休整的同时也是整顿新降契丹军卒,按照以往的惯例,必然是难以容忍人数过万的外族将士存在于大宋军队中,但是皇帝赵眘明旨确立了抗金统一民族战线之后,赤心军在法理上也就有了存在的依据。
当然此时主旋律更多的还是分发皇帝赵眘派发的金银赏赐,同时分发收缴的金人盔甲,而这一切都是从金人军寨之中缴获的,府衙会议结束后,政治上有了体统后,当然也少不了实际物质激励。
不出意料,赏赐最为丰厚便是郭棣部的两万神卫禁军,因为实际击败金军便是这支南宋部队,其次便是需要安抚激励的契丹赤心军和北地汉人归正军。

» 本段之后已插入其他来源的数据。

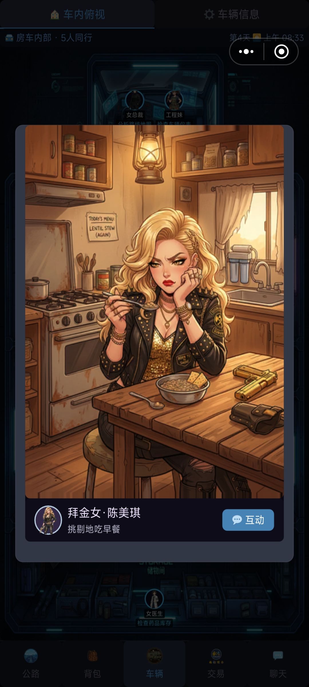2.车里页面重改升级,房车内部更加沉浸,角色会自己根据时间在车内做不同的事情,大部分还有生活照哦
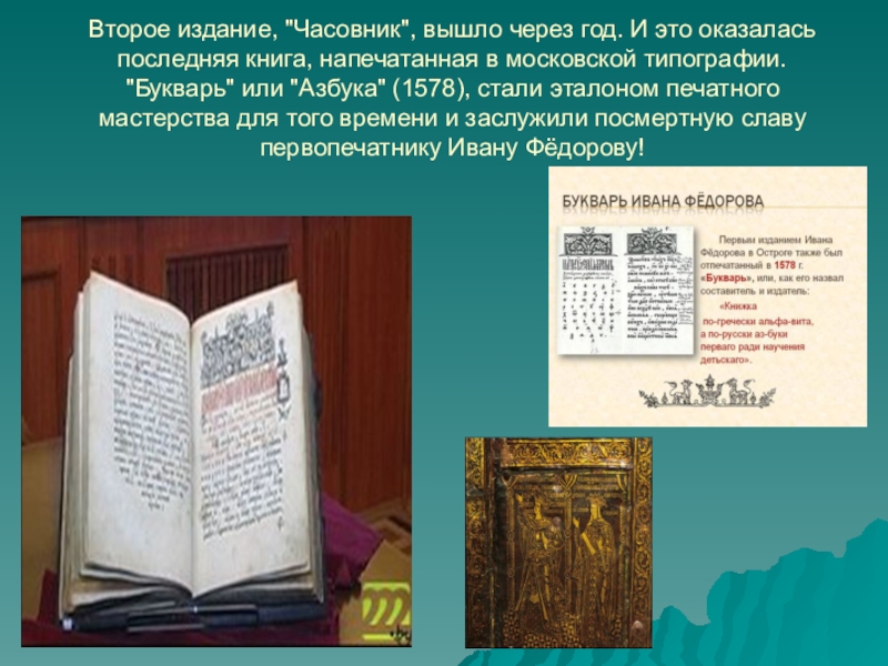 напечатанная в московской типографии. "Букварь" или "Азбука" (1578), стали эталоном печатного мастерства для того времени и заслужили посмертную славу первопечатнику Ивану Фёдорову!
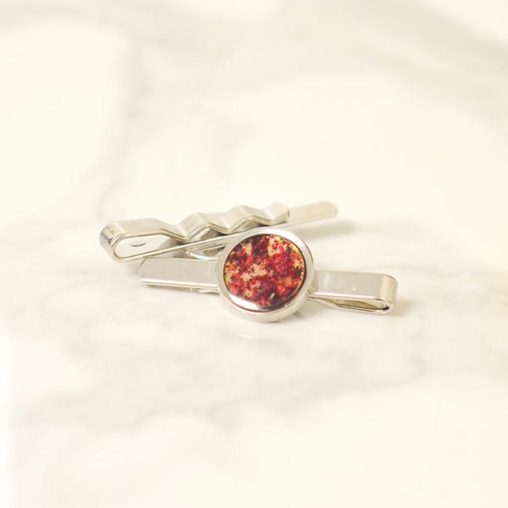 Drawn from red onion peels, this sustainable purple tie clip weaves together tension and grace threads of strength in layers of tenderness. Coin holders available in two metal colors.

皇帝赵眘的直属班直和两千邵家骑兵是受到赏赐最少的,御前班直因为是皇帝最亲近的武装力量,也有些功高不赏的原因,而邵世雍部则是众所周知的罪将身份,便只是得到皇帝口头的勉励之后,反而军心更加振奋。
而这些契丹赤心军的顺从程度远远超乎赵眘的预计,本以为只是迫于军事压力才暗藏野望,才服从于宋人的统治。
此时他们表现出的纪律性和军事远远超过郭棣部的神卫军,对此事有最深刻的感受就是知府范邦彦。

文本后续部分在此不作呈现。